Свою порцию печенья на полднике Андрюха отдал вернувшемуся из лап медички другу. Женька сидел рядом, макал печенье в молоко и с важным видом показывал всем желающим большой чёрный провал посреди белозубого рта с крупными зубами.
Время для Андрюхи снова восстановило свой плавный и размеренный ритм. Он со счастливой улыбкой незаметно отбивал его носком ноги под столом в такт звучавшей в голове любимой мелодии.
Отъезд
Игорь с Сашкой встретились, как и договаривались, ближе к вечеру за «двадцать седьмым» домом на «могилках». Так дворовые пацаны называли маленькие бетонные остовы скамеек.
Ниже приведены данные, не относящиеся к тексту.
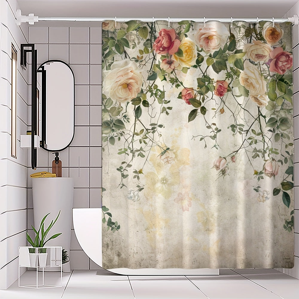 4 pcs flower branch digital printing polyester waterproof bath curtain non-punching partition bathroom bathroom four-piece set

Деревянные бруски с облупившейся от осенней влаги ядовито-зелёной краской, которые должны были лежать сверху, регулярно отрывала сражавшаяся ими по ночам шпана местная со шпаной залетной, регулярно набегавшей повоевать из других районов. Бруски брошенными копьями отступившей после неудачного боя армии валялись вдоль изгороди голых равнодушных кустов. Осиротевшие же бетонные столбики, тут и там торчавшие из мёрзлой земли, и впрямь напоминали своим унылым видом маленькие безымянные обелиски, как на кладбище.
Немного посидели молча маленькими нахохлившимися на первом морозе воробьями, старательно лузгая плохо прожаренные семечки. Разговор не клеился. Сашка понимал, что нужно сказать лучшему другу что-то очень важное на прощание, но заготовленные слова как рассыпались гремящими горошинами внутри головы, так и застряли в расщелившихся половицах памяти. Игорь тоже молчал, испытующе и тревожно поглядывая на Сашку серьёзными серыми глазами. Он всегда такой: больше слушает, чем говорит, а если и скажет что-то, то обязательно неторопливо и только по делу. Сашке порой казалось, что Игорь старше него на многие десятки лет и уже прожил длинную и суровую жизнь, приучившую его не разбрасываться длинными речами без серьёзной на то причины.
Три года близкой и, как говорила Сашкина бабушка, «сердешной» дружбы промелькнули словно за одну счастливо-солнечную неделю коротких осенних каникул. Сашка, говорливый, как быстрая горная речка, вертлявый и непоседливый, точно лёгкий летний ветерок, и Игорь – спокойный и уверенно раздумчивый, накрепко и сразу притёрлись друг к дружке практически с первых школьных дней. После этого в течение трёх последующих лет им обоим твёрдо и бездоказательно верилось, что все последующие бесчисленные дни в своих интересных жизнях они обязательно проведут только вместе.
И вот внезапный отъезд. Все свои вещи родители Игоря собрали и упаковали в холщовые мешки и три потёртых чемодана менее чем за сутки. Ехать они собрались на своём стареньком четыреста двенадцатом «Москвиче» прямо в далёкий Ангарск. Где-то там, в таёжных дебрях, проживала двоюродная сестра матери Игоря, согласившаяся приютить всё их семейство на первое время. Ну, а там жизнь сама всё как надо расставит. Сашка накануне подслушал, как дядя Гриша рассказывал мужикам у кооперативных гаражей, что отцу Игоря «пытаются шить дело». Подробностей и деталей дела он дальше не расслышать не смог, но по молчаливым хмурым лицам, слушавших дядю Гришу, понял – причина для быстрого отъезда весьма серьёзная.
– Я тебе, Санёк, адрес в первом же письме напишу, когда мы на новом месте устроимся. Но много писать не буду, ты же знаешь, у меня по русскому совсем плохо. Лучше ты мне пиши, у тебя хорошо получается. А потом мы немного вырастем и обязательно встретимся. Или ты ко мне приедешь, или я к тебе. – Игорь положил совсем сникшему Сашке тяжёлую руку на плечо и неторопливо по-взрослому продолжил: – И ещё. С Андрюхой Сапуновым, который из второго подъезда, не дружи. Я же вижу, как он всё время вокруг тебя вьётся. Он нехороший человек. Ну, и в обиду себя никогда и никому не давай.